(Stored data entries)
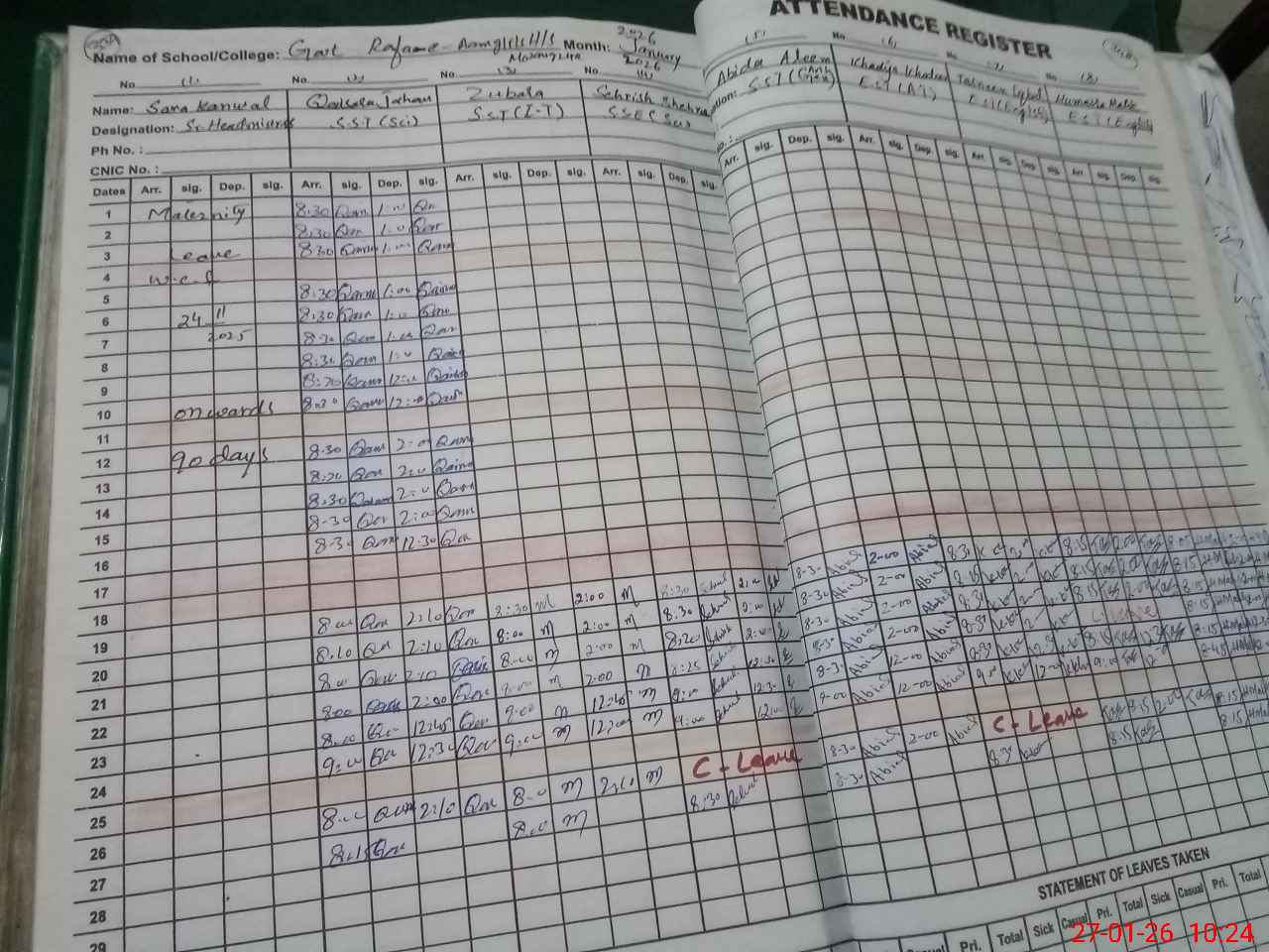 | 35**** | Sa**** Ka**** | Sr. Headmaster | Regular | 31 | 0 | 0 | 31 | 0 | 0 | 0 | 0 | 0 | Maternity |
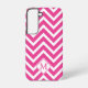 Modern Monogram Pink Chevron Stripes Samsung Galaxy S22 Case.
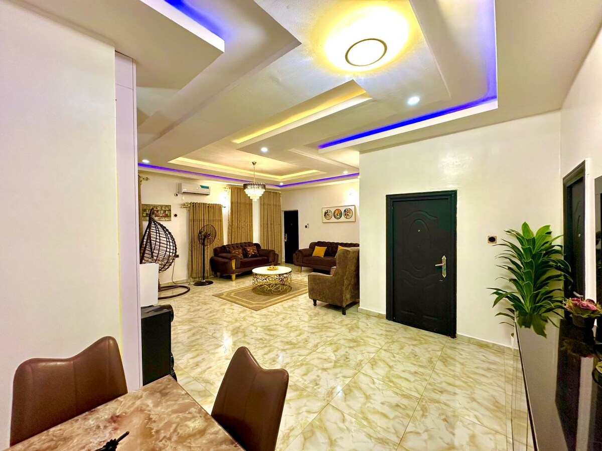 I am happy to host you , welcome ! This modern 3-bedroom apartment is your ideal retreat you would love to enjoy : - ACs in all rooms - Fast WiFi ,Cozy living area, - Cotton blinds for privacy - Well-equipped kitchen , - Soft bedding & ample storage ,Clean bathrooms with modern finishing . - Gated and secured compound - Solar light - Clean water Great for families, professionals & travelers. Comfort, style, and convenience await you
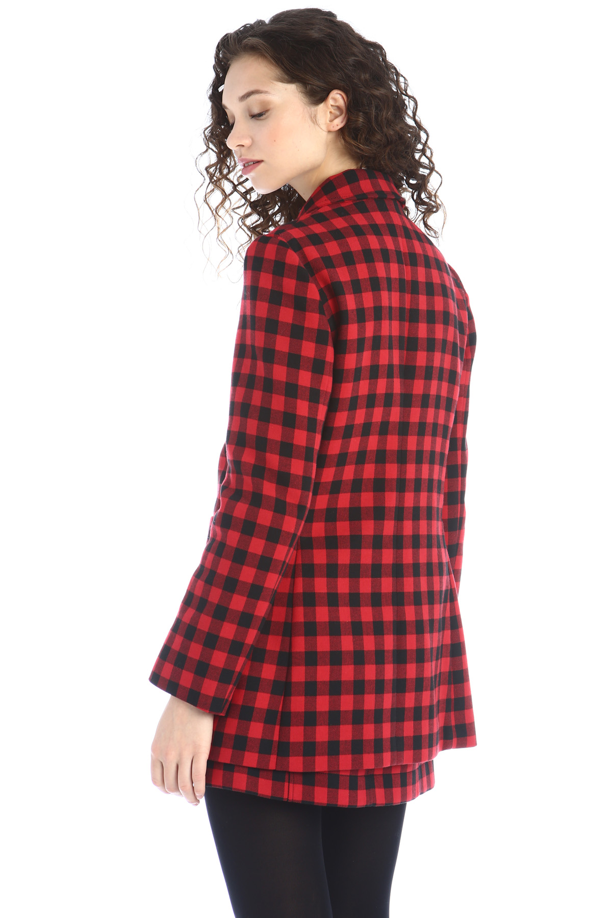 Blazer dalla linea dritta realizzato in tessuto di misto cotone tinto filo, con rever, maniche lunghe, tasche applicate sul davanti e allacciatura doppiopetto tramite bottoni. Capo semifoderato.
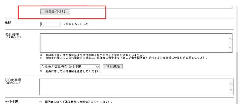 検索条件を追加したい場合には検索条件追加をクリックして入力しましょう。
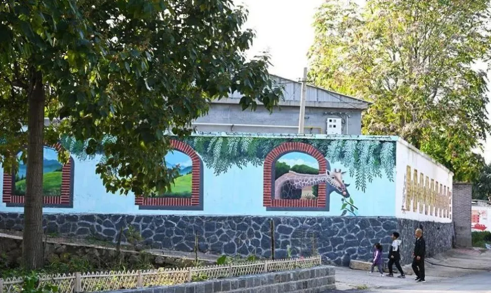 河北省级和美乡村示范村临城县南盘石的彩绘墙。河北日报客户端
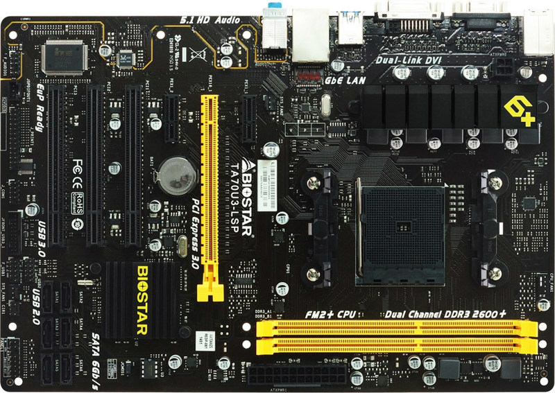 Biostar TA70U3-LSP, Socket FM2/FM2+, AMD A70M, Dual 2xDDR3-2600, APU AMD graphics, DVI, 1xPCIe X16, 6xSATA3(6Gb/s), RAID, ALC662 5.1ch HDA, GigaBit LAN, 4xUSB3.0(5Gb/s), 100W, ATX
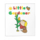 Ein kleines blondes Mädchen schaut hoch, um die Spitze des Maisstals in ihrem Garten wachsen zu sehen, in diesem niedlichen und farbenfrohen Gartendesign auf Bierstühlen, Kissen, Bettdecken, Decken, Pfannkuchen, Tellern, Kissen und vielen anderen Gegenständen.
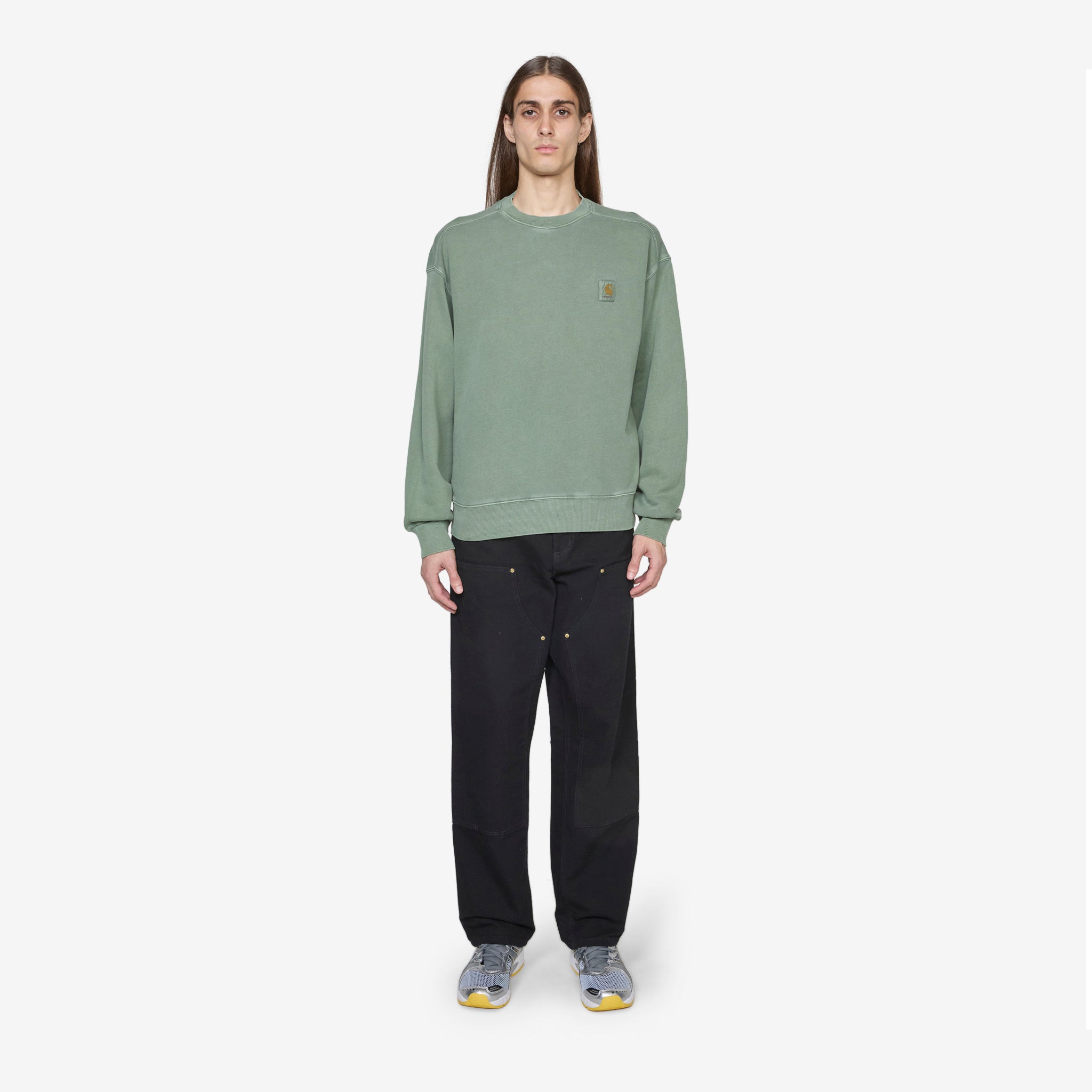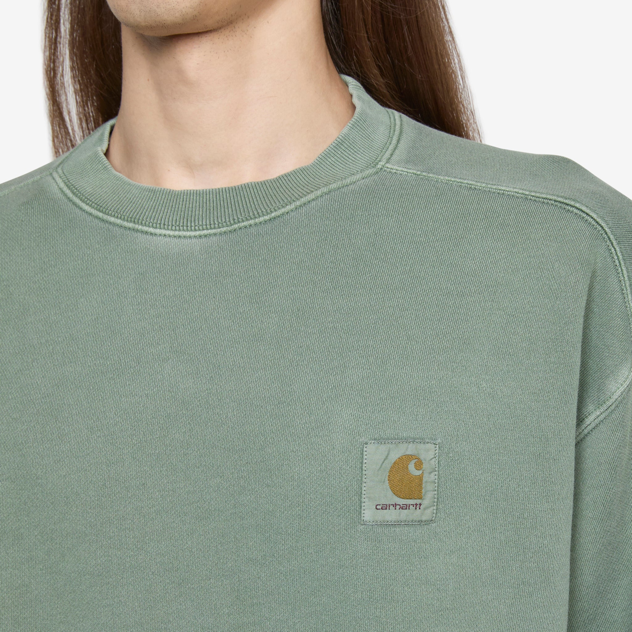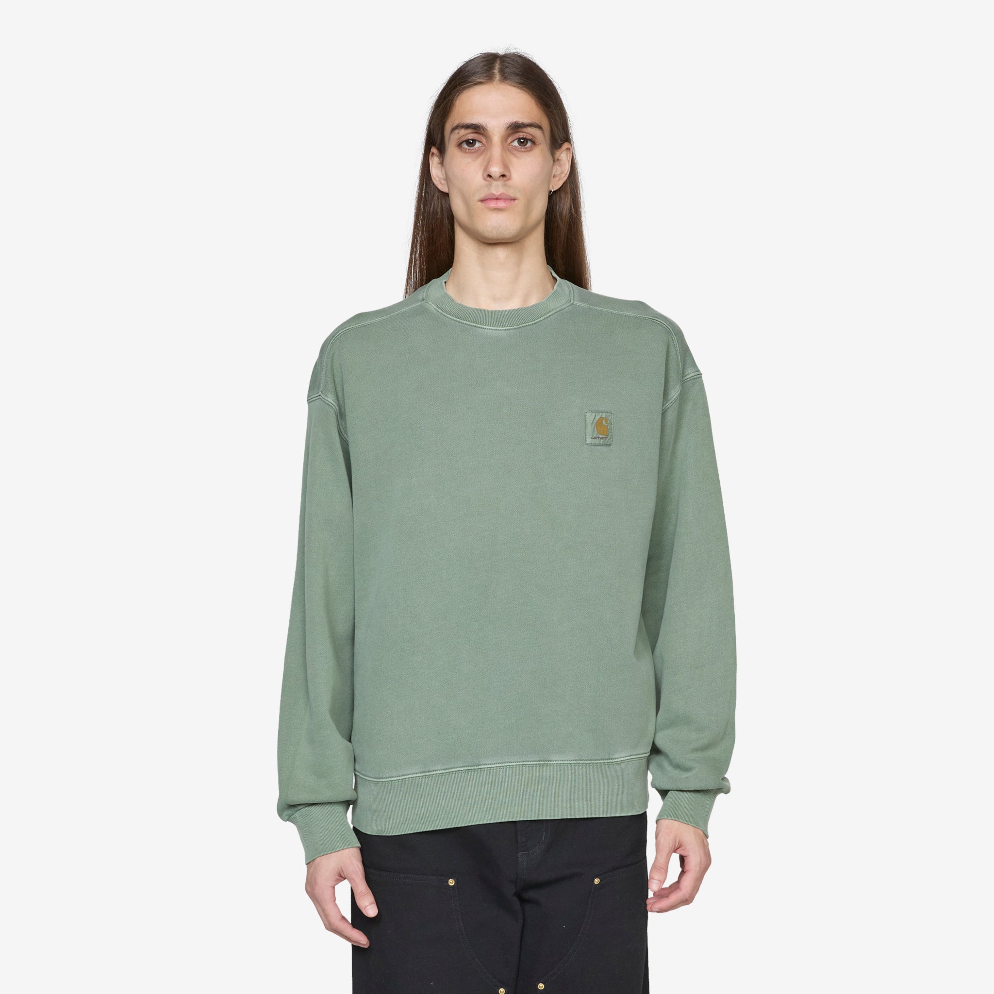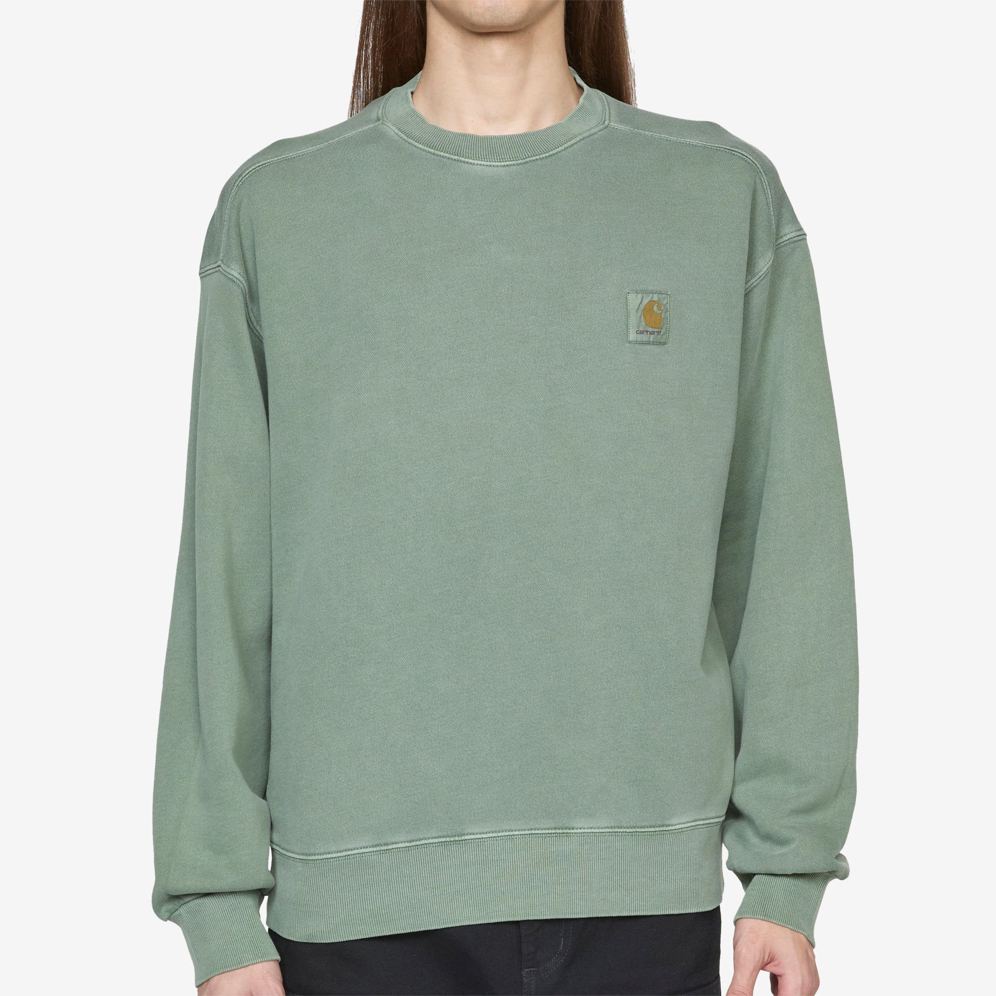 Men's Nelson Sweat in Park from Carhartt WIP. Relaxed fit, pullover sweatshirt with ribbed trims. Crafted from 10.9oz unbrushed cotton fleece, which has been pigment dyed for a worn look. Finished with a woven brand patch on the chest.
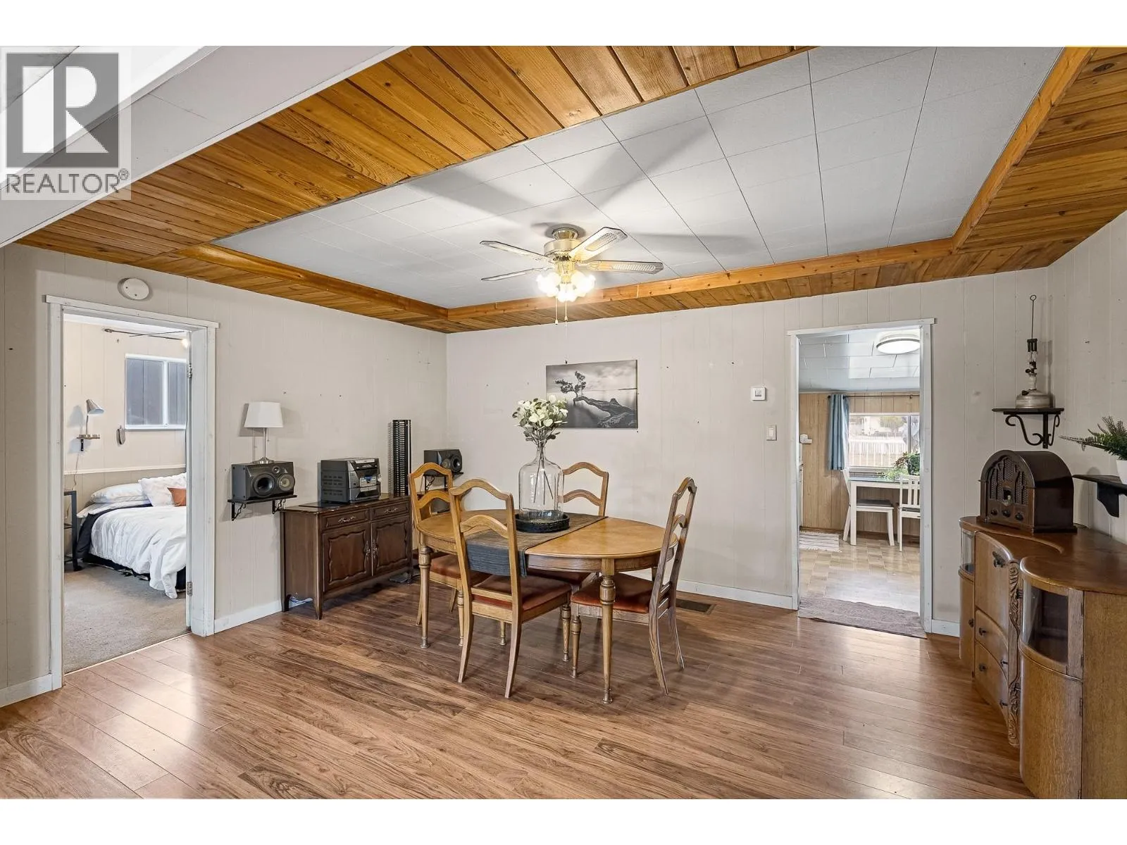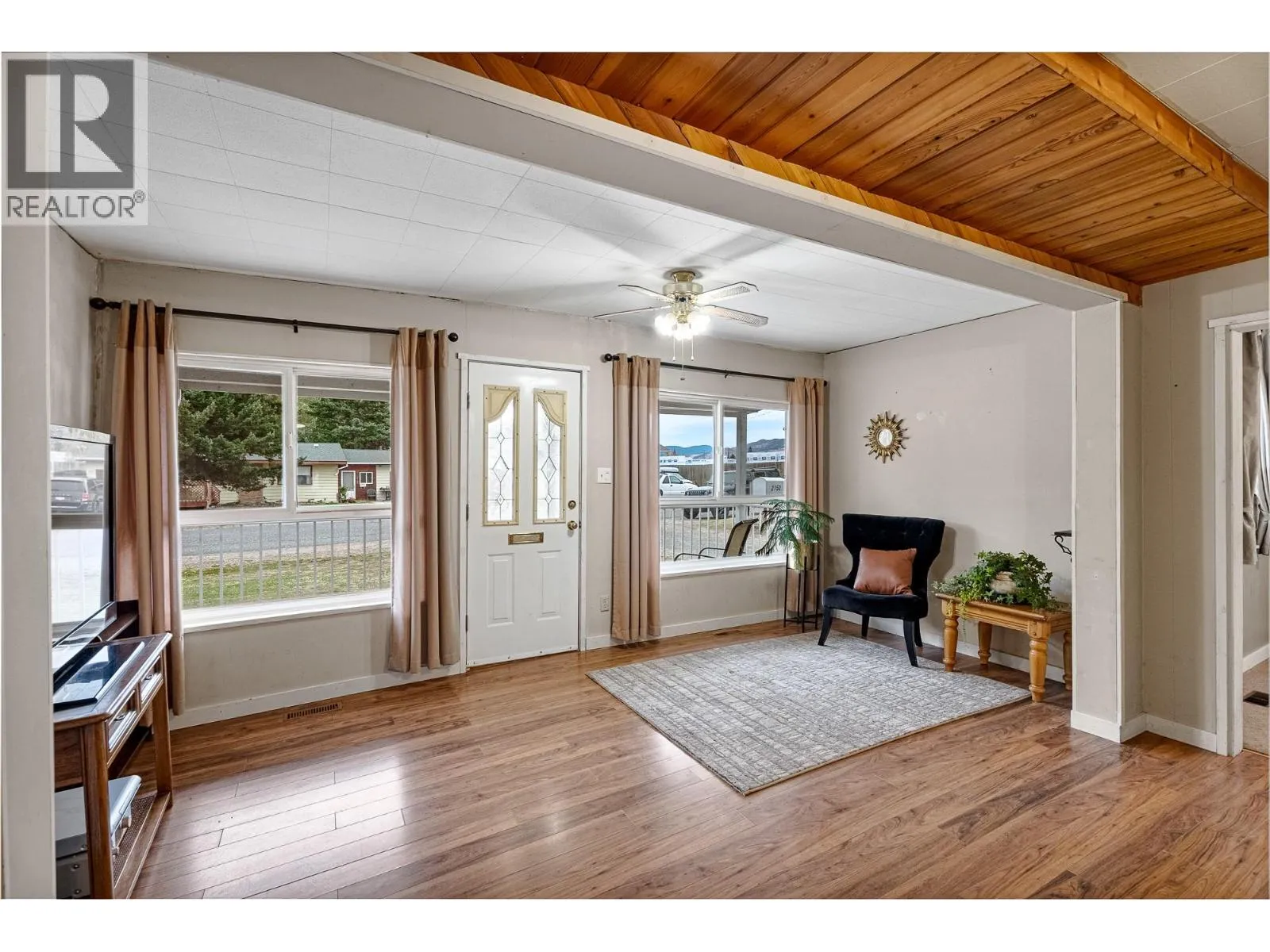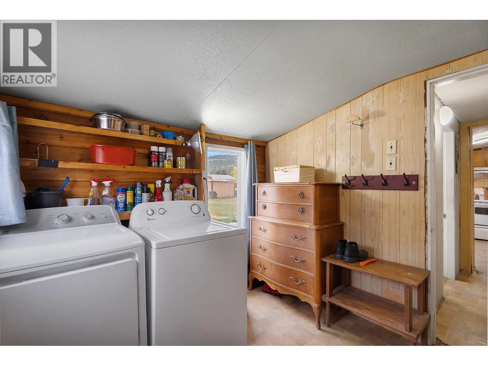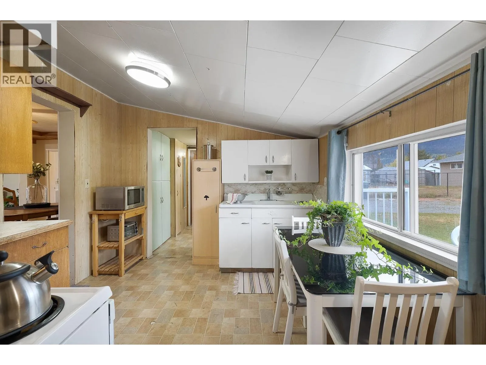 Step back in time with this 1925 character home filled with warmth and charm just 2.5 blocks from downtown Merritt! This well-loved home has truly stood the test of time, featuring a spacious living/dining area with beautiful wood trim ceilings and a cozy, vintage feel. The retro kitchen is a nostalgic delight with antique metal cabinets and the original porcelain sink and drainboard countertop. Enjoy your morning coffee on the inviting 4x18 covered front porch and unwind at dayâs end on the 12x16 back yard deck, perfect for taking in the evening sunsets. Everything you need is on one level, making this an ideal home for first-time buyers or retirees wanting easy living close to town. Extras include a large laundry room with crawl space access, a fenced backyard, a 12x24 wired single garage, and a 12x18 metal shed for tools or hobbies. The oversized 73â8â x 130â lot offers plenty of open parking and room for your RV. Recent updates: new roof (2021), natural gas furnace (2022), electric hot water tank (2022), and some vinyl windows (2004). Priced to sell at $259,000âthis home offers unbeatable value, character, and location. Book your tour today before itâs gone! (id:27476)

» Exercise prompt
Copy only the lines above from the one containing "検索条件を追加したい場合には検索条件追加をクリックして入力しましょう。" through the one containing "Biostar TA70U3-LSP, Socket", both included. Leave out the pictures.

» The answer
 検索条件を追加したい場合には検索条件追加をクリックして入力しましょう。
 河北省级和美乡村示范村临城县南盘石的彩绘墙。河北日报客户端
 Biostar TA70U3-LSP, Socket FM2/FM2+, AMD A70M, Dual 2xDDR3-2600, APU AMD graphics, DVI, 1xPCIe X16, 6xSATA3(6Gb/s), RAID, ALC662 5.1ch HDA, GigaBit LAN, 4xUSB3.0(5Gb/s), 100W, ATX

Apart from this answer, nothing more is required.